Provider Education and Engagement

Real behavior change can happen only when physicians truly understand their prescribing tendencies. This requires awareness of prescribing habits that is informed by trustworthy data clearly presented in the dashboard. This is the first step to performance assessment and eventually to performance improvement. Some physicians may be convinced when a physician leader puts the data in front of them. Others may resist, insisting their professional experience validates their prescribing practices. One way to disprove their misconceptions (see Table 1) is to counter the assertions made with verifiable information backed up by factual data.

A physician-written article in the Harvard Business Review stated that “physicians are mesmerized by data and cannot look away.” It cited a strategy by Brent James, MD, executive director at the Institute for Health Care Delivery at Intermountain Healthcare: “Rather than make a frontal attack on physicians’ autonomy, he wears down their resistance to change by showing them how their practice varies from the norm.”

Arming providers with data and appropriateness measures can help them determine whether their prescribing behavior for opioids is consistent with peer-developed guidelines. Making prescribing data available to physicians allows them to self-correct without bringing their clinical judgment into question.

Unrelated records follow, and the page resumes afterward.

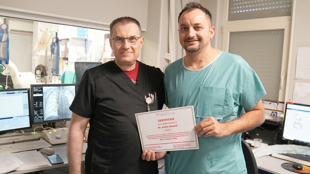 Първият участник в програмата е д-р Артан Ахмети, интервенционален кардиолог от Университетската клиника по кардиология в Прищина, Косово. Той има засилен интерес към двата диагностични метода, които в МЕДИКА КОР са стандарт.
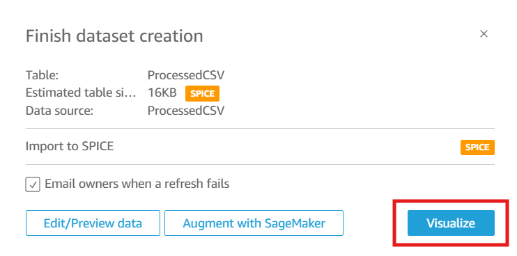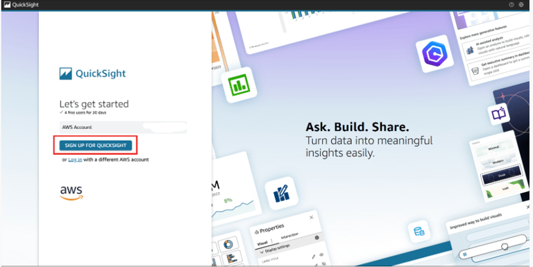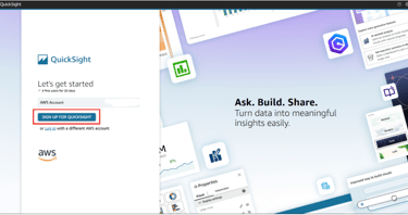 Amazon QuickSight helps you visualize your processed data. Let’s setup your QuickSight account:
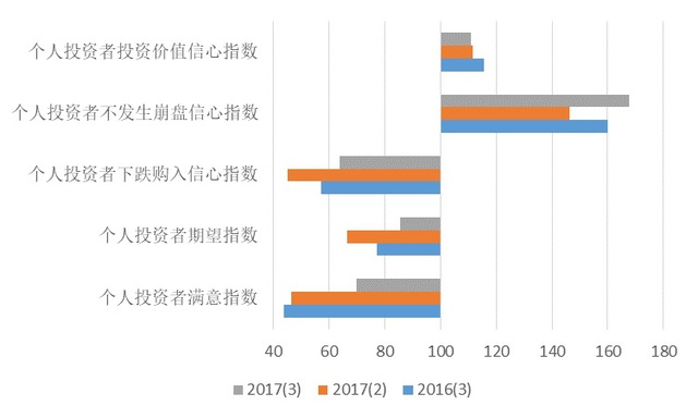 根据上海财经大学应用统计研究中心和上海社会调查研究中心上财分中心的调查,2017年三季度上海市个人投资者信心指数为99.58点,环比上升16.32点,同比上升8.74点。指数升幅明显,表明上海市个人投资者群体对投资市场的心态较前期有所回暖。
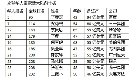 中國大陸地區首富為百度的李彥宏,他以94億美元的身家超過了前首富——娃哈哈的宗慶后(59億美元)。此外,三一重工的梁穩根(80億美元)憑借去年三一重工股價的飆升,財富猛增122%,成為中國大陸第二富豪。宗慶后今年排在大陸富豪第三位。
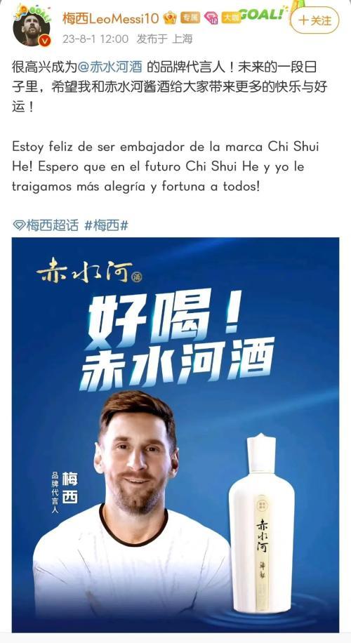 8月1日,“球王”梅西通过个人官方微博宣布了一则代言,称很高兴成为赤水河酒的品牌代言人,未来的一段日子里,希望能和赤水河酱酒给大家带来更多快乐与好运。

Proven steps used to self-assess prescribing behaviors and how they may align with norms are:

  • Assess clinician perception by getting data on the current state through surveys or interviews about how opioids are used across the system, whether they are overused, underused and used appropriately
  • Determine the opinions on the effectiveness of opioids relative to other pain management options and the safety of opioid prescription
  • Ensure that the data presented to physicians is uniform and reliable so that organizational leaders can push for standardization of best practices
  • Have the Opioid Stewardship Committee identify pain management studies from the literature and present the findings to the relevant service lines
  • Develop reports and dashboards that analyze prescribing data that can be used by medical directors to share with clinicians to identify improvement opportunities by service line

Recommendations

It is recommended that the Opioid Stewardship Committee, staffed with physician leaders, develop an educational program that:

  • Engages all physicians no matter what their prescription patterns are; the educational program should be developed to create change using face-to-face, one-on-one conversation
  • Includes examples or patient stories to highlight the historical pain management culture that you are trying to change
  • Engages naysayers and those who resist with additional personal training, providing them time to talk in person
  • Includes analytics to drive discussions on standards, guidelines and reduce variability; reports should include benchmarking data about prescribing practice compared to physician peers
  • Incorporates training into annual compliance/training program for all staff to ensure awareness
  • Includes not just physicians but all clinical workforce; the educational program should include the organization’s vision and commitment to ending the opioid crisis
  • Makes it local and personal; engage frontline staff about the opioid epidemic and how your health system can play a role in reversing it
  • Takes a wide approach to education, offering training through online training modules, system-wide forums, peer-to-peer discussions, educational podcasts and lunch and learns
  • Understands and addresses barriers by administering a “culture assessment” survey to attending physicians, residents and fellows, pharmacists and pharmacy residents, and advanced practice providers to identify issues, barriers and where prescribers need support the most
  • Adds awareness and alerts into the EHR so standards are integrated into the physician’s workflow
  • Launches an opioid awareness campaign focused on providers to boost engagement and awareness; campaign should partner with marketing to include newsletters, intranet communication, email blasts and community partners
  • Provides CMEs and is disseminated at medical staff meetings, executive medical meetings, grand rounds

How to Achieve Permanent Behavior Change 

Education often is not enough. Real changes require permanent behavior modification, especially in physician practices where concepts and practices have remained in place for years and have become habitual. Even now with the opioid crisis fully recognized, physicians may lack awareness and familiarity with the most recent guidelines or may lack confidence to execute change. Many practicing physicians were trained in an era with set clinical methods in place with an emphasis on adequate treatment of pain and have valid concerns about harming patients by failing to prescribe sufficient analgesics.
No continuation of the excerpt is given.